How to Not Be Afraid of Everything

by Jane Wong ’07. Alice James Books

Wong’s second poetry collection explores the ways we articulate and reckon with fear of intergenerational trauma and the silent, hidden histories of families. What does it mean to grow up in a take-out restaurant, surrounded by food, just a generation after the Great Leap Forward famine? Full of elegy and resilient joy, these poems speak—across generations—of survival.

Death by Landscape

by Elvia Wilk ’10. Soft Skull

In a series of interlinked essays, Wilk examines creative works across time and genre in order to break down binaries between dystopia and utopia, real and imagined, self and world. She delves into literal and literary world-building projects—medieval monasteries, solarpunk futures, vampire role plays, environments devoid of humans—revealing how our relationship to narrative shapes our relationships to the natural world and to one another.

Homicide

by Theo Wenner ’09. Rizzoli

The first photographer to be granted such unlimited access to the New York Police Department’s most prestigious homicide division in Brooklyn, Wenner spent two years capturing the cops up close and behind-the-scenes.

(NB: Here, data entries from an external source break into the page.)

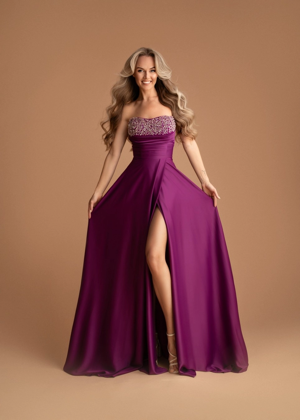 Strapless corsage baljurk, bovenlijf met wide scoop halslijn, ondersteunt mooi decolleté, versierd met siersteentjes, hoge geplooide taille, wijd uitlopende rok, heeft kniehoog split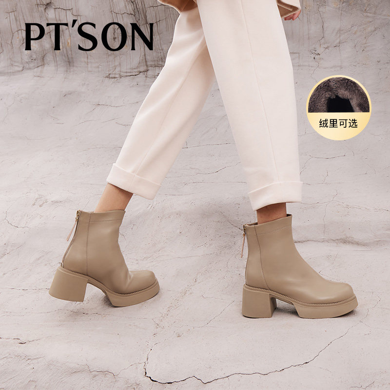 百田森高跟鞋秋冬弹力时装靴真皮新款爆款小个子增高厚底短靴女款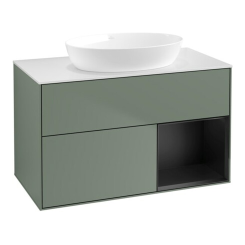 TTCV&B Meuble sous lavabo Finion 100, blanc mat, tiroir bleu mat laqué, poignée mat laqué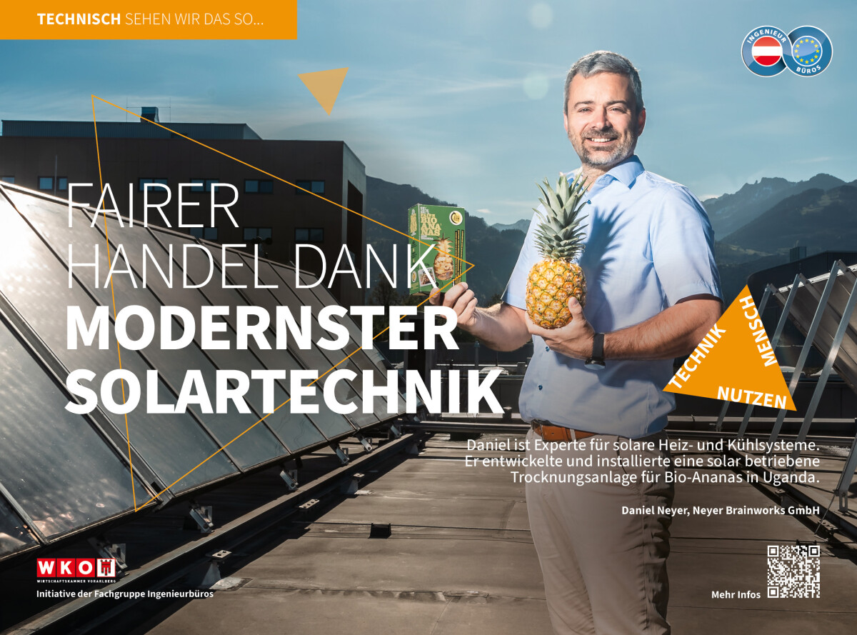 Die Imagekampagne der Ingenieurbüros Vorarlberg rückt Ingenieur*innen wie Daniel Neyer in den Fokus, der mit der solar-autarken Ananas-Trocknungsanlage in Uganda zeigt, wie technische Innovation nachhaltige Wertschöpfung und internationale Zusammenarbeit ermöglicht.
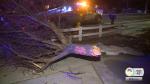 Several street signs were "taken out," a large tree was hit and a car crashed into the garage, knocking off the garage door and damaging a portion of the roof above the door, Hansen said.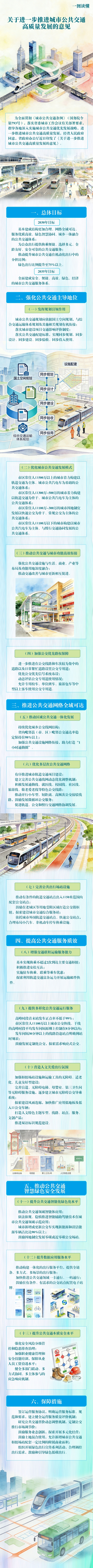 《意见》包括总体目标、重点任务和保障措施3个部分、17条措施,聚焦为公众出行提供换乘便捷、选择多元、全龄友好、安全可靠的公共交通服务,推动提升城市公共交通在机动化出行中的分担比例,2030年绿色出行比例提升至75%以上,2035年全面建成安全、便捷、高效、绿色、经济的城市公共交通服务体系。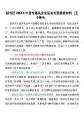 党组成员副局长纪检组长202X年专题民主生活会个人对照检查材料(五个带头)根据《关于开好党史学习教育专题民主生活会的通知》要求,下面我围绕五个带头进行对照检查,不妥之处请批评指正。一、对照查摆的突出问题(一)带头深刻感悟“两个确立”的决定性意义方面,能够忠诚拥护“两个确立”、坚决做到“两个维护”,但还存在:一是学深学全上还有差距。虽然参加了各类学习,但对党的创新理论,认识上还不深刻,领悟上还不透彻,存在片面地、表象地、局部地理解党的创新理论的现象。比如:在学习中,对自己分管的业务学的多,对其他学的少,存在重业务知识轻党建理论,重实践操作轻理论武装的问题;再比如:在学习中,没有思考理论政策背后蕴...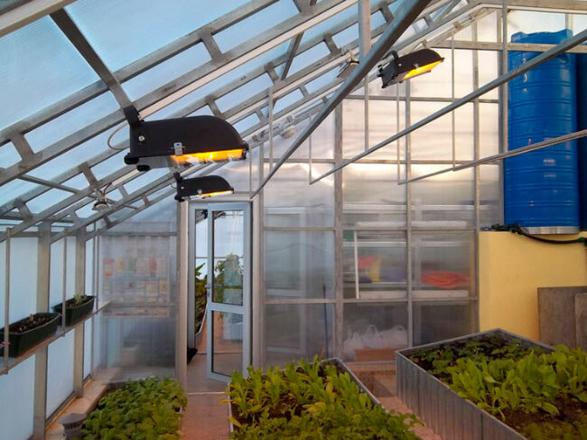 Avec chauffage infrarouge chauffage de serre d'hiver peut être effectuée par une lampe infrarouge et un radiateur infrarouge.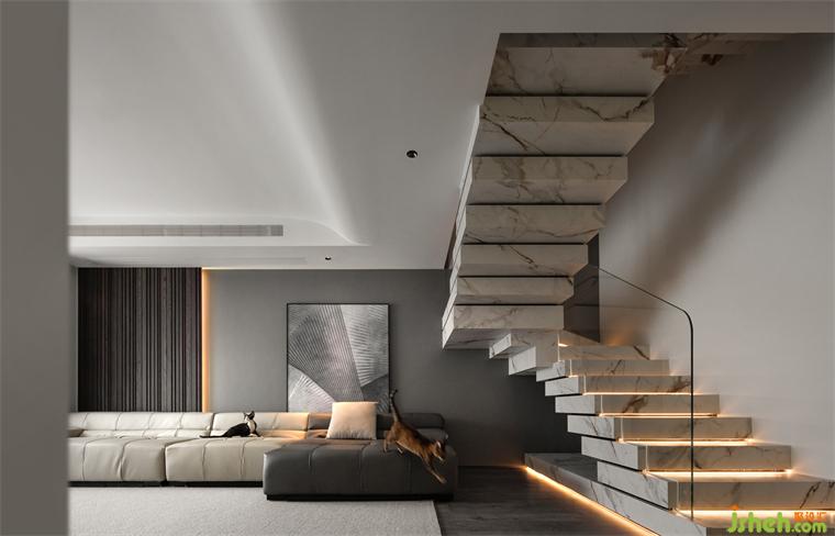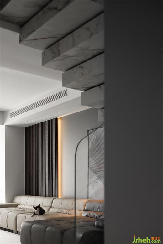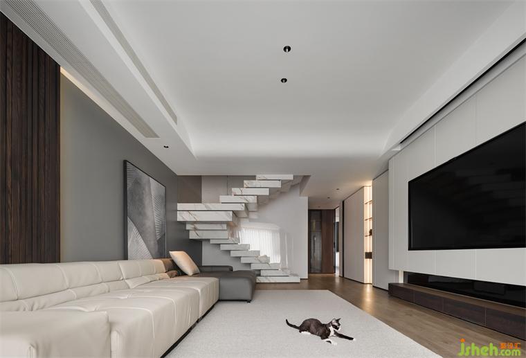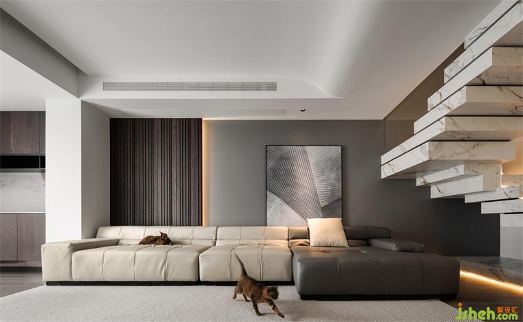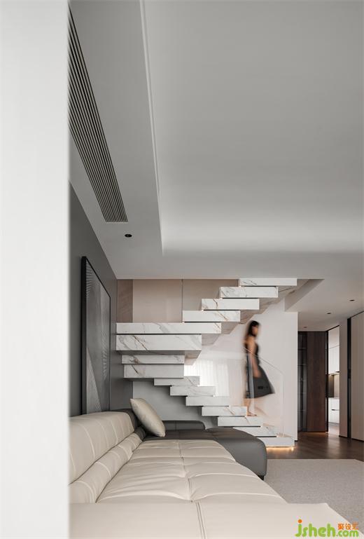 遵循簡約而低調(diào)的設(shè)計手法,復(fù)式豪宅設(shè)計用大面積的白色來詮釋宅家的靜謐與安然,削減空間的厚重感。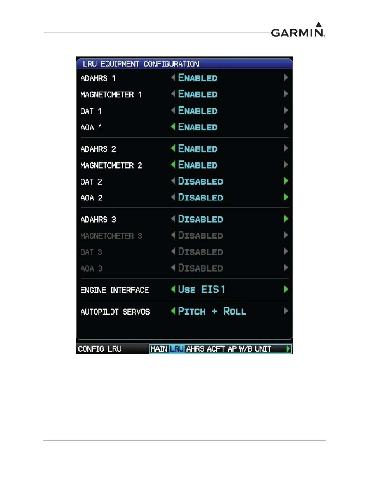 2. Use the FMS Joystick to enable or disable the listed LRUs.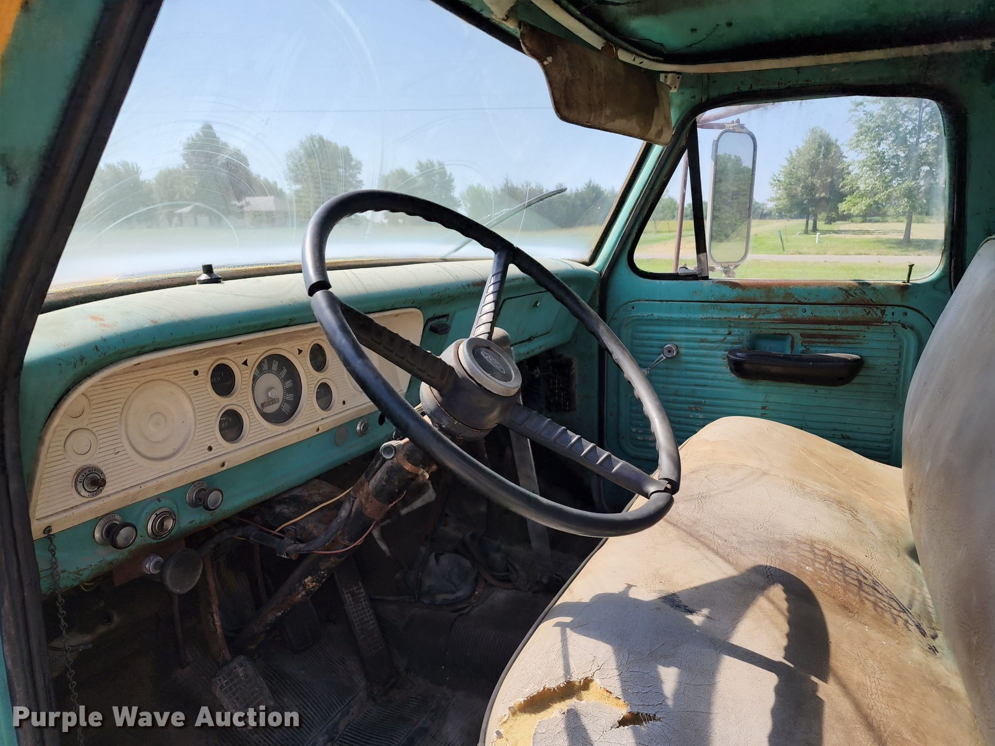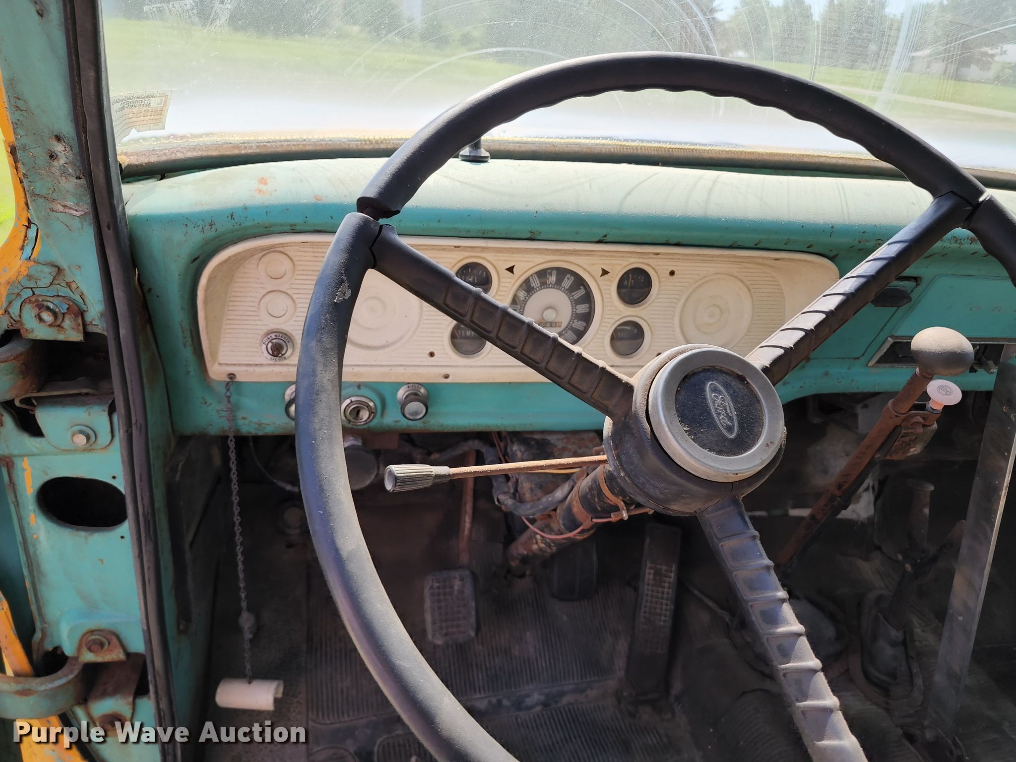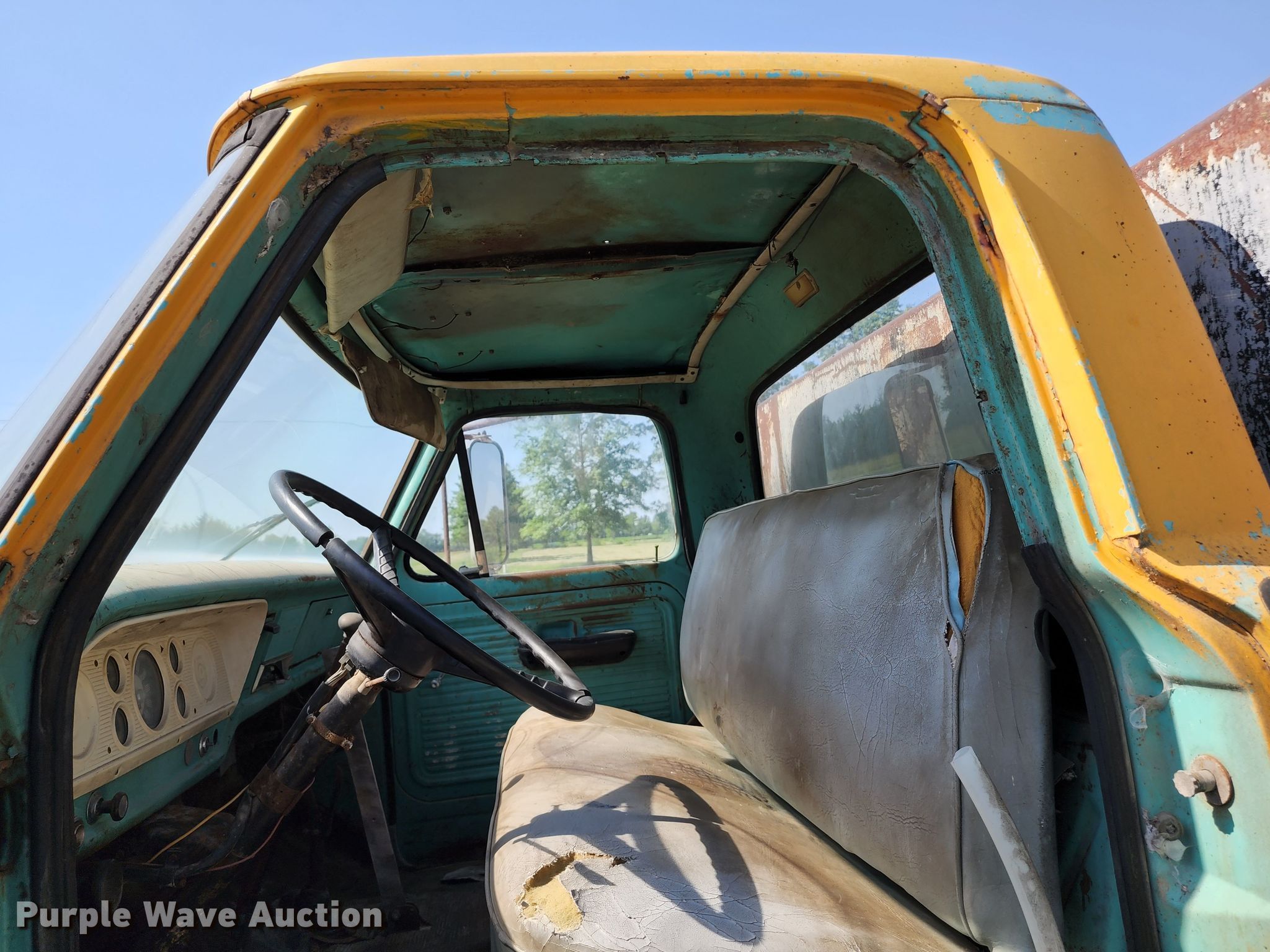 1969 Ford F600 dump truck. Miles: 57,088 on odometer, VIN: F61CKE11408. Engine Displacement: 330, Cylinders: 8, Fuel type: Gas. Transmission Model: Fm465, Manual, Speed: 4, plus 2. Chassis Axles: Single, Suspension: Spring, Brakes: Hydraulic, PTO. Interior Heat. Features Dump bed Anthony T6386, 10' L x 96" W, Side height: 25", Bed type: Steel, Ram: Single , End gate: Manual. Tires Size: 8.25-20. Notes Non-operational brakes. Missouri title. Adrian, MO 64720

In the tradition of photographers like Weegee, he documents their investigative work and its ugly counterpart—murder—within America’s most iconic city.

The Rupture Tense

by Jenny Xie, assistant professor of written arts. Graywolf Press

The New Yorker called Xie “a magician of perspective and scale,” and in her second collection, she cracks open reverberant, vexed experiences of diasporic homecoming, intergenerational memory transfer, state-enforced amnesia, public secrecies, and the psychic fallout of the Chinese Cultural Revolution. Xie voices what remains irreducible in our complex entanglements with familial ties, language, capitalism, and the histories in which we find ourselves lodged.